This **question aims** to find the height of the sprinter where the gravitational potential energy is equal to kinetic energy for the world’s fastest human who can reach the speed of 11m/s. The** kinetic energy** of an object is due to its motion. When work is done on an object by applying a net force that transfers energy, the object accelerates, thereby gaining kinetic energy.

**Kinetic energy** is given by the formula:

\[K=\dfrac{1}{2}mv^2\]

The **potential** of the potential object arises from this **position**. **For example**, a **heavy ball in a demolition machine stores energy when it is high**. This stored potential is called **potential energy**. Depending on the position, the **taut bow** can also conserve energy. **Gravity or gravitational force** can be a huge object in relation to something larger because of the force of gravity. The **potential energy** associated with the field of gravity is released (converted into kinetic energy) as objects cross each other.
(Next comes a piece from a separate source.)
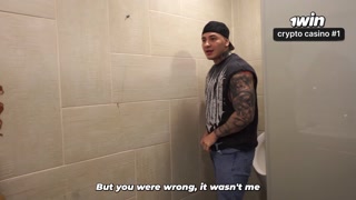 Distracted busty redhead ends up in the men's bathroom and can't resist seeing a big dick

**Gravitational potential energy** is given by the formula:

\[U=mgh\]

## Expert Answer

**Speed** is given in the question as:

\[v_{human}=v=11\dfrac{m}{s}\]

**Gravitational potential energy** is given as:

\[U=mgh\]

**kinetic energy** is given as:

\[K=\dfrac{1}{2}mv^2\]

$g$ is given as **gravitational acceleration constant** and its value is given as:

\[g=9.8\dfrac{m}{s^2}\]

To increase the **gravitational potential energy** by an amount **equal** to the **kinetic energy** at full speed, the kinetic energy **must be equal** to the gravitational potential energy.

\[K=U\]

\[\dfrac{1}{2}mv^2=mgh\]

\[\dfrac{v^2}{2}=gh\]

\[h=\dfrac{v^2}{2g}\]

**Plug** the values of the gravity $g$ and speed $v$ into the formula to calculate height.

\[h=\dfrac{11^2}{2\times9.8}\]

\[h=6.17m\]

He needs to **climb** $6.17m$ **above the ground**.

## Numerical Result

The **person needs to climb** $6.17m$ above the ground in order to make **kinetic energy equal to gravitational potential energy**.

## Example

The **world’s fastest humans** can reach speeds of about $20\dfrac{m}{s}$. How high does such a sprinter have to climb to **increase the gravitational potential energy by an amount equal to the kinetic energy at full speed**?

**Speed** is given as:

\[v_{human}=v=20\dfrac{m}{s}\]

**Gravitational potential energy** is given as:

\[U=mgh\]

**kinetic energy** is given as:

\[K=\dfrac{1}{2}mv^2\]

“g” is given as **gravitational acceleration constant** and its value is given as:

\[g=9.8\dfrac{m}{s^2}\]

To increase the **gravitational potential energy** by an amount **equal** to the **kinetic energy** at full speed, the kinetic energy **must be equal** to the gravitational potential energy.

\[K=U\]

\[\dfrac{1}{2}mv^2=mgh\]

\[\dfrac{v^2}{2}=gh\]

\[h=\dfrac{v^2}{2g}\]

**Plug** the values of the gravity $g$ and speed $v$ into the formula to calculate height.

\[h=\dfrac{20^2}{2\times9.8}\]

\[h=20.4m\]

He needs to **climb** $20.4m$ **above the ground**.

The **person needs to climb** $20.4m$ above the ground in order to **make kinetic energy equal to gravitational potential energy**.